▶ What you will do
Transcribe, starting at the line with "ရှမ်းပြည်နယ်(မြောက်ပိုင်း)၊ နောင်ချိုမြို့နှင့် ကျောက်မဲမြို့ကို" and ending at the line with "The tree-lined entry", every line of the material below exactly, but leave out the pictures and anything outside that span.

▶ Input data
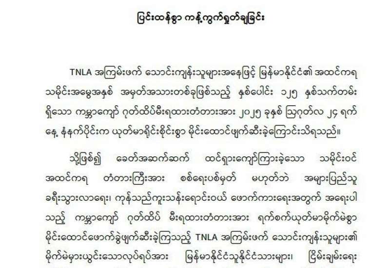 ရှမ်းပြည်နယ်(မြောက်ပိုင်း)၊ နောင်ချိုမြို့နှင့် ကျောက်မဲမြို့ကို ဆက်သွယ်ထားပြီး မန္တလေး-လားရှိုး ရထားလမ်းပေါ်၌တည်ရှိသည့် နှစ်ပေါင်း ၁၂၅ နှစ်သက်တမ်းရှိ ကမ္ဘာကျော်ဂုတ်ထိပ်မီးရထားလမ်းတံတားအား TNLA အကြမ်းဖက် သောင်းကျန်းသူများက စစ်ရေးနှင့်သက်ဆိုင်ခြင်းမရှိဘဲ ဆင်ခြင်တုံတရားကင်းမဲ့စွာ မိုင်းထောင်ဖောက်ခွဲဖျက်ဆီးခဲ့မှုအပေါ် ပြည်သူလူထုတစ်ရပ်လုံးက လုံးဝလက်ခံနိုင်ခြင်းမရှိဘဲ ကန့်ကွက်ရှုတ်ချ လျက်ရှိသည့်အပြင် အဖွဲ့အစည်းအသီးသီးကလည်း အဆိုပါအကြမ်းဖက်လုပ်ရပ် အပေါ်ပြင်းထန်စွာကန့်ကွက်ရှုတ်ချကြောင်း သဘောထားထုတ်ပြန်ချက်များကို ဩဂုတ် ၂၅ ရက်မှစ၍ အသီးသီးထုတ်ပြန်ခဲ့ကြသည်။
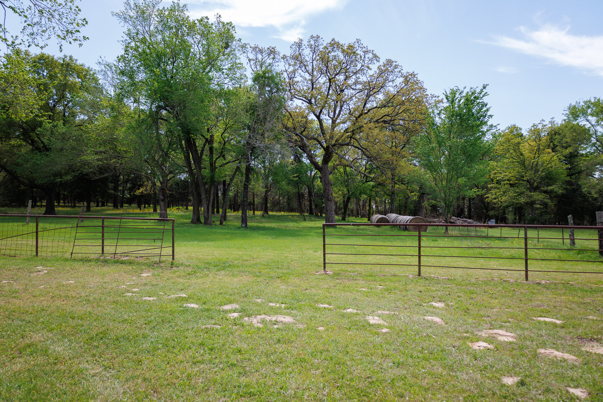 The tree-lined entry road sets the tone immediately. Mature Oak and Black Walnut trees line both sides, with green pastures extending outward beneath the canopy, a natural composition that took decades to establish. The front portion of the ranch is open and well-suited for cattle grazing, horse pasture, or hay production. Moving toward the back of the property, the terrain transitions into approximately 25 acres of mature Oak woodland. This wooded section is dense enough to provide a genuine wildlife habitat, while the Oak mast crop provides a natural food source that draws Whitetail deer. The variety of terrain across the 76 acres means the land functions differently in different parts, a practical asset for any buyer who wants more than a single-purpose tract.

--

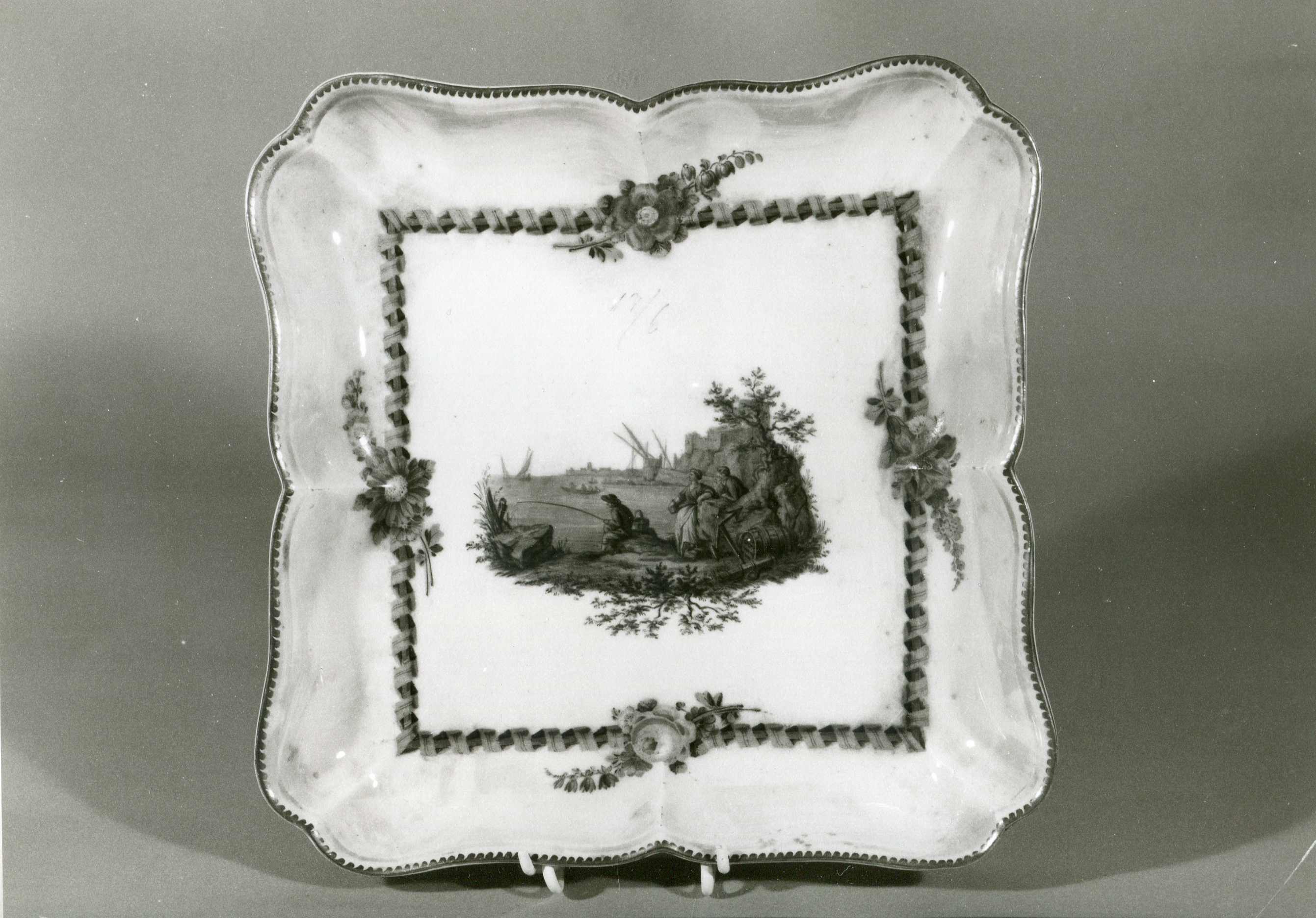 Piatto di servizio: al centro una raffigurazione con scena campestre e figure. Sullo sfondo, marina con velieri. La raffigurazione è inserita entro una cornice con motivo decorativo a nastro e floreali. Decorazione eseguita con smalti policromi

▶ Task answer
 ရှမ်းပြည်နယ်(မြောက်ပိုင်း)၊ နောင်ချိုမြို့နှင့် ကျောက်မဲမြို့ကို ဆက်သွယ်ထားပြီး မန္တလေး-လားရှိုး ရထားလမ်းပေါ်၌တည်ရှိသည့် နှစ်ပေါင်း ၁၂၅ နှစ်သက်တမ်းရှိ ကမ္ဘာကျော်ဂုတ်ထိပ်မီးရထားလမ်းတံတားအား TNLA အကြမ်းဖက် သောင်းကျန်းသူများက စစ်ရေးနှင့်သက်ဆိုင်ခြင်းမရှိဘဲ ဆင်ခြင်တုံတရားကင်းမဲ့စွာ မိုင်းထောင်ဖောက်ခွဲဖျက်ဆီးခဲ့မှုအပေါ် ပြည်သူလူထုတစ်ရပ်လုံးက လုံးဝလက်ခံနိုင်ခြင်းမရှိဘဲ ကန့်ကွက်ရှုတ်ချ လျက်ရှိသည့်အပြင် အဖွဲ့အစည်းအသီးသီးကလည်း အဆိုပါအကြမ်းဖက်လုပ်ရပ် အပေါ်ပြင်းထန်စွာကန့်ကွက်ရှုတ်ချကြောင်း သဘောထားထုတ်ပြန်ချက်များကို ဩဂုတ် ၂၅ ရက်မှစ၍ အသီးသီးထုတ်ပြန်ခဲ့ကြသည်။
 The tree-lined entry road sets the tone immediately. Mature Oak and Black Walnut trees line both sides, with green pastures extending outward beneath the canopy, a natural composition that took decades to establish. The front portion of the ranch is open and well-suited for cattle grazing, horse pasture, or hay production. Moving toward the back of the property, the terrain transitions into approximately 25 acres of mature Oak woodland. This wooded section is dense enough to provide a genuine wildlife habitat, while the Oak mast crop provides a natural food source that draws Whitetail deer. The variety of terrain across the 76 acres means the land functions differently in different parts, a practical asset for any buyer who wants more than a single-purpose tract.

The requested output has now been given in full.